In the House of Commons debate on intervention in Syria last December, one message rang out loud and clear: Britain will not tolerate indiscriminate violence committed by extremists, and will act decisively to counter any threat to our national security.
How then to explain the deafening silence from those same voices on the situation in Yemen? There Saudi Arabia, a regime that fits the definition of “extremist” if the term has any serious meaning, is leading a brutal military operation in which UK-supplied aircraft, bombs and missiles are playing a major role. One side-effect of the chaos resulting from the Saudi campaign is that the local franchises of al-Qaida and Isis are now thriving as never before. Al-Qaida in Yemen, which claimed responsibility for the Charlie Hebdo attack and is widely regarded as the group’s most dangerous branch, now controls a 340-mile-long mini-state along Yemen’s southern coast.
The year-old Saudi-led campaign in Yemen has claimed more than 6,400 lives – more than were killed in the three recent wars over Gaza put together – and triggered a humanitarian catastrophe that the UN has placed in the same class of severity as that in Syria. More than 20 million people, about 80% of the population, are in urgent need of humanitarian aid. Among the dead are more than 900 children, nearly three-quarters of them killed by coalition bombing,according to Save the Children. In one incident reported by the charity, several infants died after their ventilators cut out when a paediatric hospital was damaged in an airstrike.
A report by a UN panel, leaked to the Guardian in January, described “widespread and systematic” attacks on civilian targets, specifically citing “119 coalition sorties … [including] three alleged cases of civilians fleeing residential bombings and being chased and shot at by helicopters”. Earlier investigations by Amnesty International and Human Rights Watch also documented a pattern of such violations, some of which were said to amount to outright war crimes. Concern at the Saudis’ indiscriminate bombing has also been raised by the International Committee of the Red Cross, the UN high commissioner for human rights and theEuropean parliament.
Consequently, the UN secretary general, Save the Children, Amnesty International, HRW, and many others have called on the UK to suspend its arms sales to Saudi Arabia. Two separate pieces of legal advice provided to Saferworld and Amnesty International, and to the organisation I work with, Campaign Against Arms Trade, state that these sales are illegal, given the clear risks of how the weapons are likely be used. CAAT has since launched a formal legal challengein the high court to halt the sales on those grounds.
The response from the British government has been thoroughly cynical. Twice before parliament last year, the Foreign Office minister Tobias Ellwood claimed not to be aware of any evidence of Saudi violations of international law, simply ignoring the world’s leading human rights organisations, who had been documenting such violations from day one.
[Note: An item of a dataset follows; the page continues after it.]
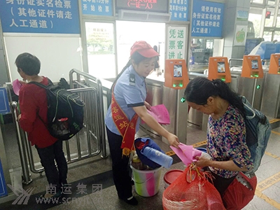 為貫徹落實全省農民工服務平臺建設電視電話會議精神,南充汽車客運站黨支部、工會積極響應,多措并舉,堅持開展“情滿旅途”活動,不僅春運做好農民工返鄉(xiāng)返崗運輸服務保障工作,而且始終堅持日常為廣大農民工出行獻愛心送溫暖。 在車站售票廳志愿者服務點“匡紅艷愛心班”專門設立了“農民工服務臺”,為返鄉(xiāng)農民工和過往旅客提供服務,發(fā)放各類法律、法規(guī)的政策宣傳冊和宣傳傳單,促進農民工朋友們增強維權意識和安全意識,從而對新形勢下黨和國家的便民舉措有了更深了解和認識。 在售票廳、候車廳分別設立了“農民工專用售票窗口”和“農民工專用綠色檢票通道”、“愛心驛站”。工作人員為農民工提供現(xiàn)場引導網(wǎng)絡購票、取票、檢票、進站乘車等各項服務,使農民工朋友們返鄉(xiāng)出行更加方便。同時,為了使農民工朋友們感受到家的溫暖,還在站內免費提供開水、愛心雨傘、便民箱、藥箱、針線包和舒適的軟座椅。這些便民舉措,使廣大農民工和旅客們充分感受到優(yōu)質服務帶來的便捷和溫馨,真正體會到站如到家的親切感。 (彭慶紅)

An in-depth report on the UK’s military alliancewith Saudi Arabia, published this month by CAAT, shows that British complicity in the horrors of Yemen is but the most recent and overt manifestation of the deep relationship between London and Riyadh. For decades the UK has provided arms capable of being used for external aggression and internal repression to one of the cruellest and most anti-democratic regimes in the world.
This has involved some of the most lucrative weapons contracts ever signed, for combat aircraft currently being used in Yemen, as well as substantial and ongoing military cooperation and support. In 2011 UK-trained Saudi troops travelling in UK-supplied armoured vehicles moved into Bahrain to assist the violent crushing of pro-democracy protests. British arms and support have helped buttress the Saudi royals ever since they imposed their austere and extreme form of rule on the diverse populations of the Arabian peninsula a hundred years ago.
Labour has called for an immediate suspension of arms sales to the Saudis and an investigation of their use in Yemen, a welcome change from New Labour’s policy of full support for Riyadh. Tony Blair quashed a Serious Fraud Office investigation into corruption surrounding major weapons contracts, and Gordon Brown signed off on the most recent sale of combat aircraft in one of his first acts as prime minister. If hitherto quiet Labour MPs could support their leadership now on Yemen with the same passion they showed in supporting the government over bombing Syria last December, they could help atone for their party’s past record, and maybe offer some hope for Yemen’s suffering population.